Interleaving String
Given s1, s2, s3, find whether s3 is formed by the interleaving of s1 and s2.
For example,
Given:
s1 = "aabcc",
s2 = "dbbca",
When s3 = "aadbbcbcac", return true.
When s3 = "aadbbbaccc", return false.
Analysis
DP:
- State:dp[i][j] 构成s1的前i个字符和s2的前j个字符能否构成s3的前i+j个字符
- Transfer:
- 如果要true只有两种情况:
- s3的最后一个字母和s1的最后一个字母相同,并且s3不考虑最后一个字母可以由s1不考虑最后一个字母和s2一起组成。既:dp[i-1][j]==true
- s3的最后一个字母和s2的最后一个字母相同,并且s3不考虑最后一个字母可以由s1和s2不考虑最后一个字母一起组成。既:dp[i][j-1]==true
- Initialize: (第一行&第一列)
- dp[0][0] = true
- dp[i][0]:s3.substring(0, j).equals(s2.substring(0,j))
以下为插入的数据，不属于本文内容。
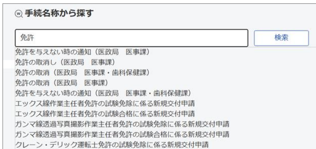
図 2-1 手続検索画面のイメージ

e-Gov 電子申請で手続検索を行う際、これまでは部分一致、完全一致の検索結果を表示する仕組みとしていました。切替後は、手続名称の入力中に、検索キーワードの候補が表示されるようになります。
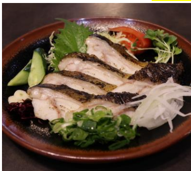
ウツボのタタキ 1,380円
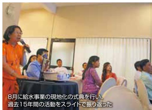
8月に給水事業の現地化の式典を行い、過去15年間の活動をスライドで振り返った
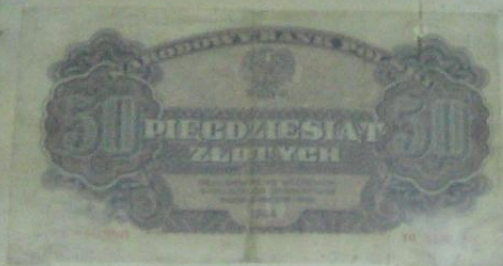
50 злотые Польша 1944 г.
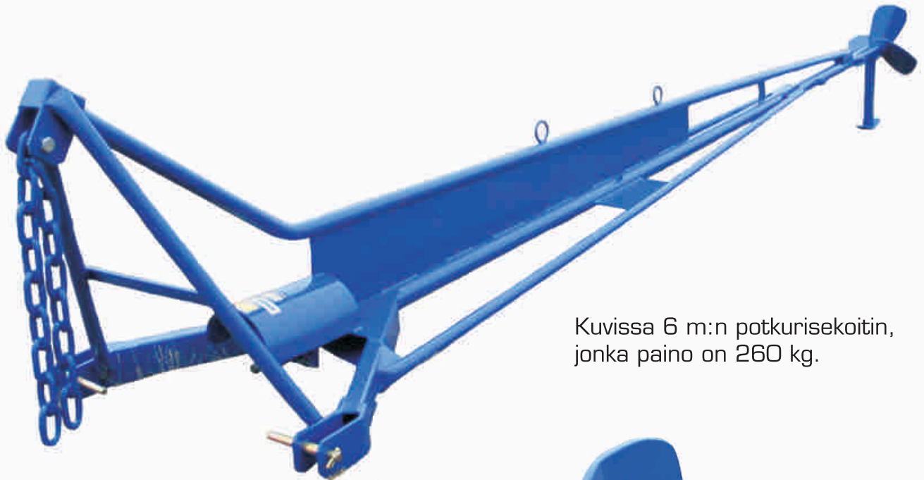
Kuvissa 6 m:n potkurisekoitin, jonka paino on 260 kg.
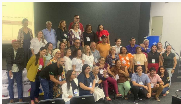
Conselho Municipal de Saúde de João Pessoa e Conselho Estadual de Saúde da PB
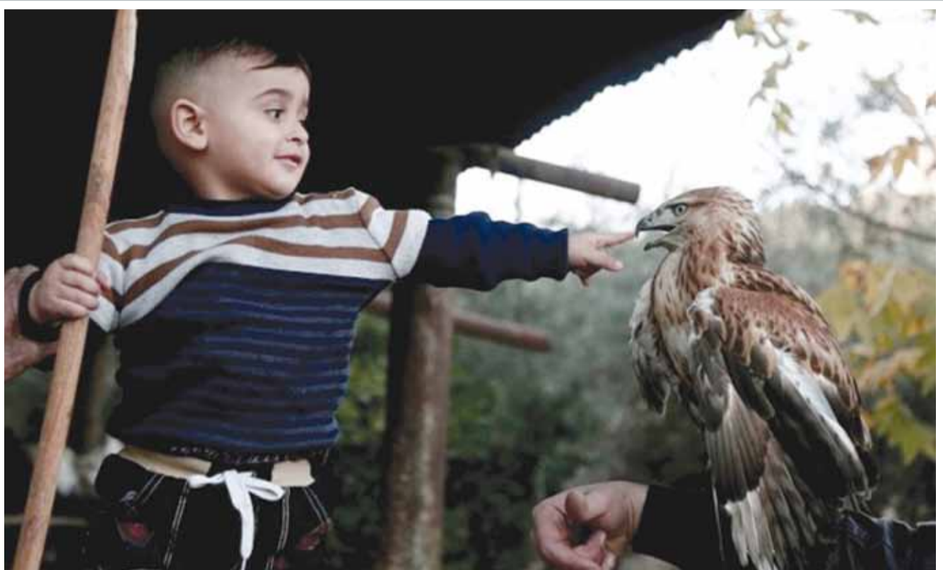
طفل فلسطيني يداعب صقرا في مدينة طوباس بالضفة الغربية.
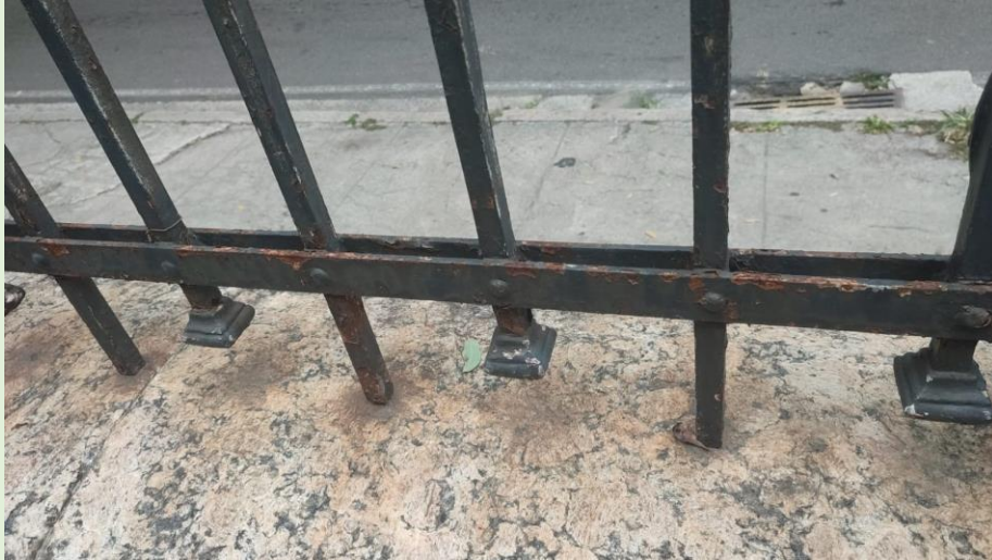
Sinais visíveis de corrosão nas grades do muro externo do Instituto Biomédico – Feita solicitação à SOMA.
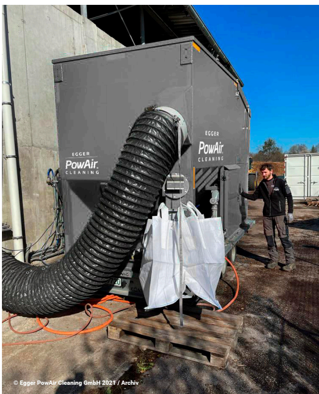
© Egger PowAir Cleaning GmbH 2021 / Archiv

Abgesaugt und entstaubt wird mit Saugbaggern mit 43.000 m 3 Saugleistung pro Stunde. Für die Betreiber von Industrieanlagen in ganz Europa hat sich dieser Reinigungsservice als ONE STOP SHOP von Egger PowAir Cleaning und PowAir Deutschland GmbH über die Jahre bestens bewährt.
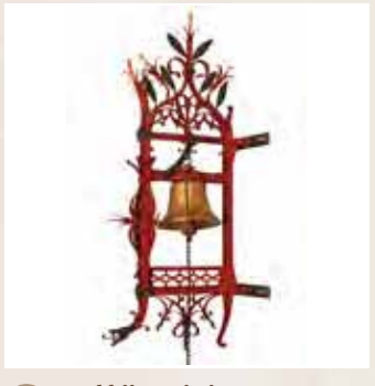
15 Bel bij sacristie G.B. Brom
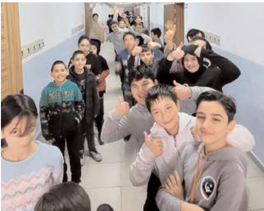
Öğrenciler öğretmenlerine teşekkür ettiler.
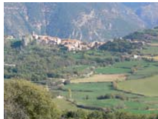
Peramea i el Pla de Corts

2. PERAMEA (900 m). Població declarada "Bé cultural d'interès nacional" a causa de l'important i variat patrimoni que s'hi conserva. A la mateixa plaça on es deixa el cotxe, hi destaquen l'om centenari i el safareig públic que encara avui es fa servir. De la vila en si també destaquen: l'estructura medieval del poble en forma de vila closa (la façanes exteriors de les cases fan de muralla del recinte), el carrer porxat de Sant Cristòfol, l'església de Sant Cristòfol (s. XIV), la Roca del Castell de sobre l'església (lloc on s'assentava l'antic castell i
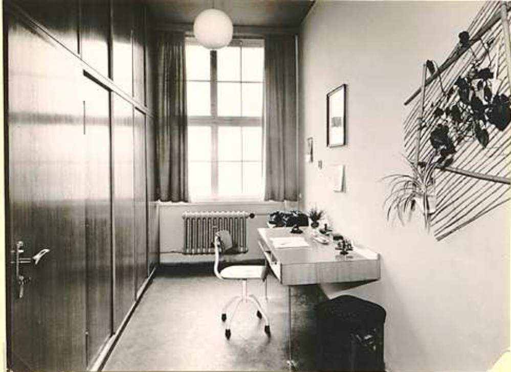
Chief - Secretariat made Mumbai 1960
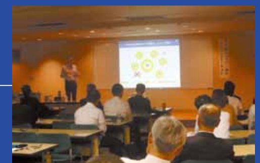
ひょうご・神戸チャレンジマーケットでのプレゼン風景

今後の未来を担う若者へ夢を引き継ぐことをゴールに置き、宝塚発で地域・社会に貢献する製品・サービスの提供を目指していきます。
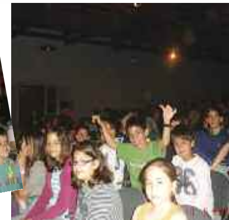
Άποψη της αίθουσας του θεατρικού Σταθμού
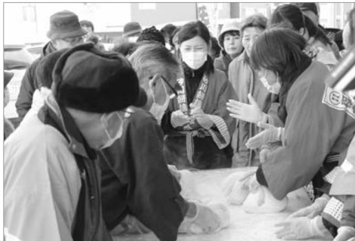
●皆さんにふるまうもちをこねています

「安全をのばそう 災害をたたきつぼう!」をスローガンに、もちつき保存会による「街頭もちつき」が市内各所で行われました。皆さんに見守られるなか、冬の寒さにも負けず一生懸命ついたもちは、安全もちとして皆さんにふるまわれました。来年も無病息災で良い年になりますように。
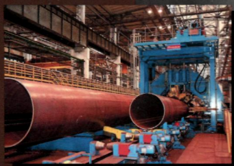
Трубная отрасль на платформе новых технологий

Первые шаги ЕАЭС: результаты будут позже
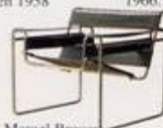
Marcel Breuer 1925
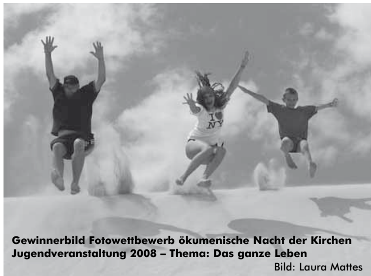
Gewinnerbild Fotowettbewerb ökumenische Nacht der Kirchen Jugendveranstaltung 2008 – Thema: Das ganze Leben

Es ist manchmal schwer, Freude zu tanken und sie zu leben.
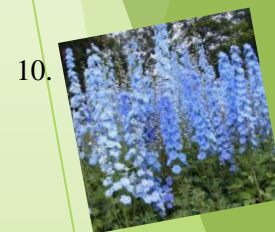
10. Stračonôžka 1 m 2 / 4 ks Slnčné až polotienisté stanovište
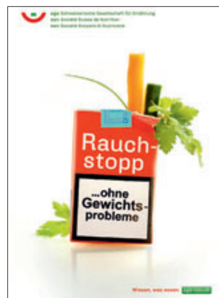
Broschüre im Format A5, vierfarbig, illustriert, 32 Seiten, 2. Auflage 2012.

Kleinere Mengen und Einzel Exemplare können Sie bei SGE, Postfach 8333, 3001 Bern, mit einem an Sie adressierten und frankierten Rückantwortcouvert (Format B5) bestellen. Den Gegenwert der Bestellung legen Sie bitte in Briefmarken bei.
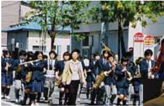
音楽パレード：市内各小中学校のパレード
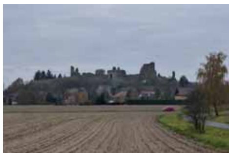
Zřícenina hradu Lichnice

některé hrady, aby nesloužily jako úkryt při vpádu nepřítele, a to se dotklo i Lichnice. Tím začal pozvolný úpadek hradu až ve zřícenině. K hradu se váže celá řada tajemných pověstí. Na postupné obnově a údržbě se v posledních letech podílejí různá občanská sdružení a jako majitel město Třemošnice. Místo je příjemné svými výhledy do krajiny pod Železnými horami a konají se zde v létě četné kulturní akce.
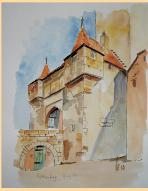
Burgtor Rothenburg odT., Aquarell 2010 (35 x 25 cm)
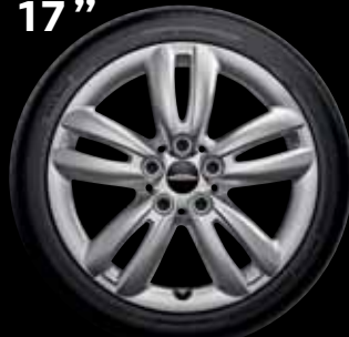
"TRACK SPOKE" SILVER
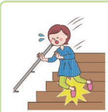
階段から転落して骨折した。
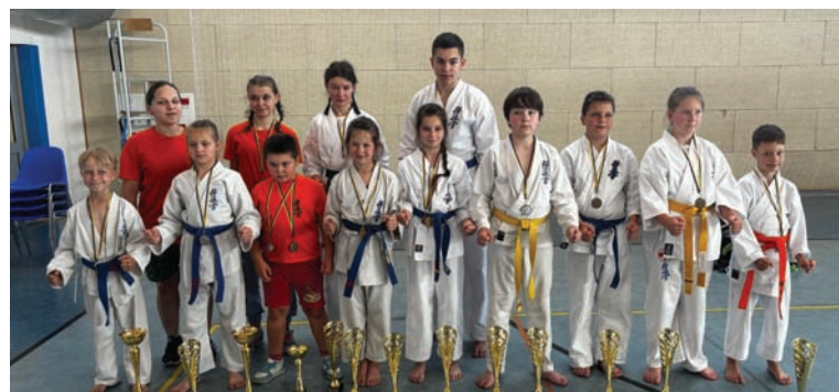
Rudzianie stawali na podium w Katowicach szesnastokrotnie.

Przedstawiciele Rudzkiego Klubu Kyokushin Karate wzięli udział w III Ogólnopolskim Turnieju Karate Kyokushin IKO Czarni Cup. Zawody te odbyły się 15 czerwca w Katowicach.
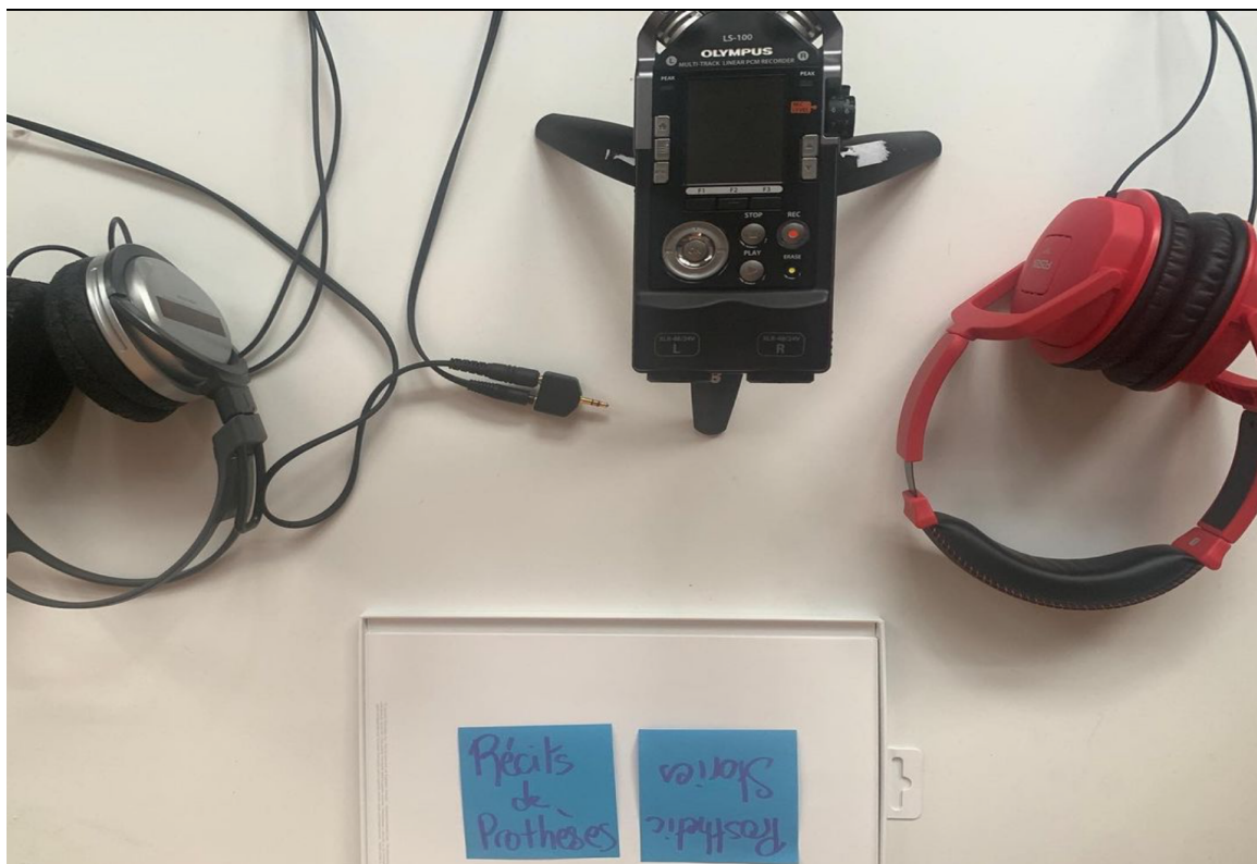
Récit de prothèses 01: La fameuse LS100 et deux écouteurs. (L'enregistreuse Olympus LS 100 est la seule enregistreuse qui offre une audio description et permet ainsi aux utilisateurs aveugles de l'utiliser) @ AdaX, 20 Avril 2024 by Goldjian. CC-BY-NC
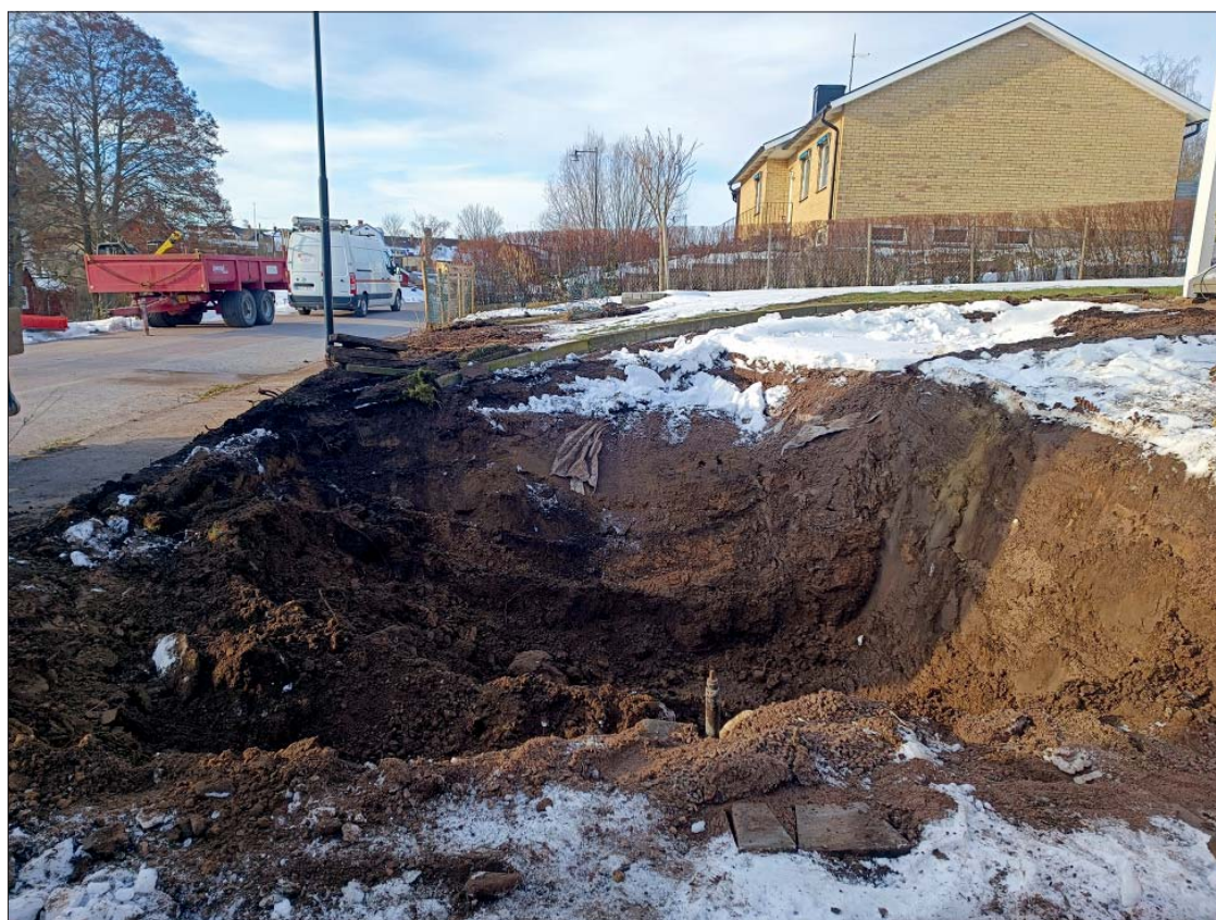
Figur 4. Schaktet innehöll inget av arkeologiskt intresse. Foto från norr, Helén Romedahl, ÖM.

Hasselmo, M. 1983. Skänninge . Medeltidsstaden 40. Riksantikvarieämbetet Statens historiska museer.
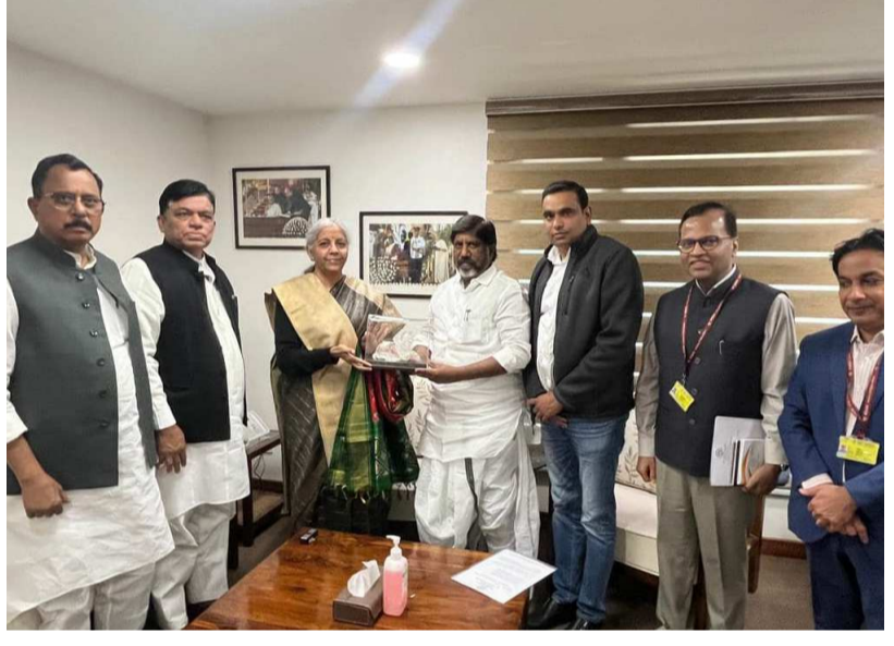
(మొదటి పేజి (తరువాయి))

వేగవంతం చేయాలని విజ్ఞప్తి చేశారు. ఆంధ్రప్రదేశ్ పునర్వ్యవస్థీకరణ చట్టం 2014 విభాగం 94(2) ప్రకారం, వెనకబాటు జిల్లాల కోసం తెలంగాణకు ప్రత్యేక సహాయ నిధి విడుదల చేయాలని భట్టి కోరారు. ఆంధ్రప్రదేశ్ పునర్వ్యవస్థీకరణ చట్టం 2014లోని విభాగం 56(2) ప్రకారం, రూ.208.24 కోట్లు తెలంగాణకు తిరిగి చెల్లించాలని విజ్ఞప్తి చేశారు. ఆంధ్రప్రదేశ్ పవర్ షాన్ కార్యారంభం నుంచి తెలంగాణ పవర్ షాన్ కార్యారంభం కేటాయింపు అదనపు బాధ్యత మేరకు రావాల్సిన మొత్తానికి సంబంధించిన అంచనైనా చర్చ సాగింది.
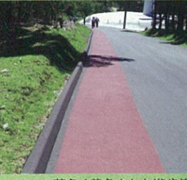
茶色く着色された遊歩道

赤い点線部分(管理用道路)を通行する際は、下の写真の茶色く着色された遊歩道を歩いてください。
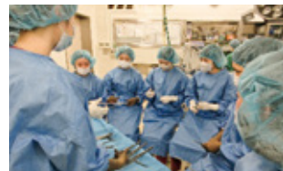
▲鳥取県済生会境港総合病院
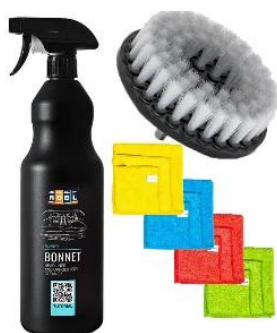
CZYSZCZENIE TAPICERKI ADBL BONNET ZESTAW
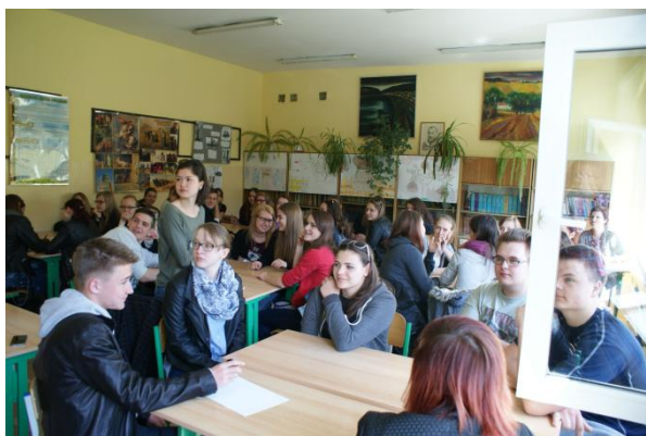
Slika 25: Ura angleščine
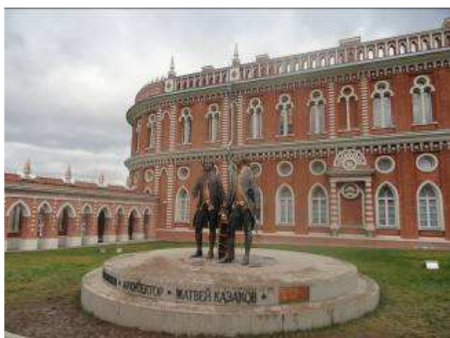
Pałac w Carycynie.

- dp[0][j]:s3.substring(0, i).equals(s1.substring(0,i))
- Return: dp[s1.length][s2.length]
Code
public class Solution {
public boolean isInterleave(String s1, String s2, String s3) {
int len1 = s1.length(), len2 = s2.length(), len3 = s3.length();
if (len1==0) return s2.equals(s3);
if (len2==0) return s1.equals(s3);
if (len1+len2!=len3) return false;
boolean[][] dp = new boolean[len1+1][len2+1];
for (int i=0; i<=len1; i++){
for (int j=0; j<=len2; j++){
if (i==0) dp[i][j] = s3.substring(0, j).equals(s2.substring(0,j));
else if (j==0) dp[i][j] = s3.substring(0, i).equals(s1.substring(0,i));
else {
dp[i][j] = (s3.charAt(i+j-1) == s1.charAt(i-1) && dp[i-1][j]) ||
(s3.charAt(i+j-1) == s2.charAt(j-1) && dp[i][j-1]);
}
}
}
return dp[len1][len2];
}
}